I mention these competitors because they are everything Gap and Gatorade are not— super user/consumer-permeated (not scripted and polished like the Gs), flying by the seat of their pants, and beloved by Gen Z and older Gen Alpha. Their growth has been almost entirely influencer and social media-driven— FAST and therefore, some would say, rickety like an IKEA shelving unit erected in an afternoon. To the outside viewer, they look on-trend and modern, but if you actually give them a shake (as the market seems to be doing now) they could crumble into a heap.(5,6) Gap and Gatorade seem pretty fed up. Their big, showy, aggressive revival campaigns have a way of saying, “Look, Shein and Prime, what you’re doing is cute and all, but let us show you how it’s really done.”

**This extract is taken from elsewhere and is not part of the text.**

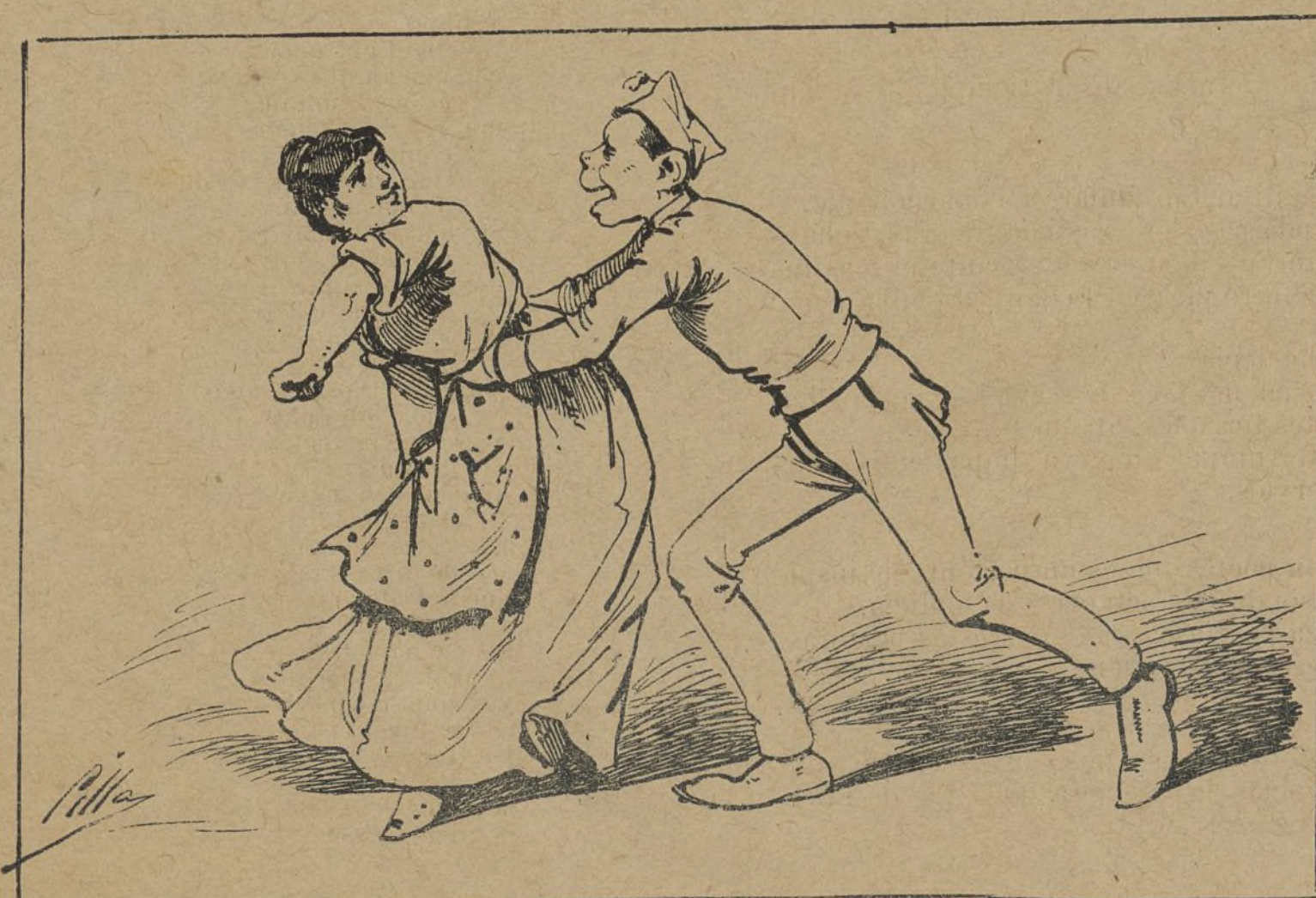
TIRO AL BLANCO.

Gap and Gatorade’s version of “how it’s really done” is straight out of the 90s marketing playbook: build brand affinity (over time) and the rest will follow (eventually). This is a long game of trusting your gut over a spreadsheet of stats, a game they both played for a decade or more when performance marketing metrics didn’t exist and ROIs were laughed at. For them, it worked. Some might even say that the brand foundations that Gap and Gatorade “blindly” built in the 90s are the only things keeping them standing today. So refortifying in the exact same fashion makes a ton of sense. And, they have two things on their side:
I read an article recently by the CMO of Jones Road, Cody Plofker, for Triple Whale, the company that promises to cut through all of the noise and false attribution in social and digital marketing (they’re good— by far the most recommended data partner when I was doing this work at Nyssa). He essentially validates everything that I’ve been feeling since the iOS privacy changes sent shockwaves through the social and digital marketing landscape a few years ago. I’m paraphrasing here (and also coloring it with my own frustration), but the gist is:
The data coming out of social and digital media platforms is mostly junk, yet these platforms rely on it to both function and make money, so they sell it to us marketers as the holy grail (i.e. an honest ROI calculator), and therefore we continue to plow money into it because it’s the only thing that’s supposedly “measurable”.
In Plofker’s actual words “Performance marketing is dead, and brand marketing isn’t."(7) Yup. Performance marketing has been dead as a stand-alone tactic for driving profitable sales growth since mid-2021 when iOS 14.6 came out. Most marketers know this, but have continued to tinker with it because it spews out an obscene amount of data that they (we) want to believe gets them (us) closer to immediate and measurable ROI. I’ve been as sucked-in as the next. But not Gap and Gatorade— or at least not anymore.
I believe their big budget, brand aggrandizing, 90s throwback campaigns are a signal that they’re betting on intuition and experience again. Sure, they’re expecting an eventual and solid return on their investment, but if it doesn’t show-up in tomorrow’s data— that’s ok. It will come. Better to believe in what you know to be true vs. what you want to be true.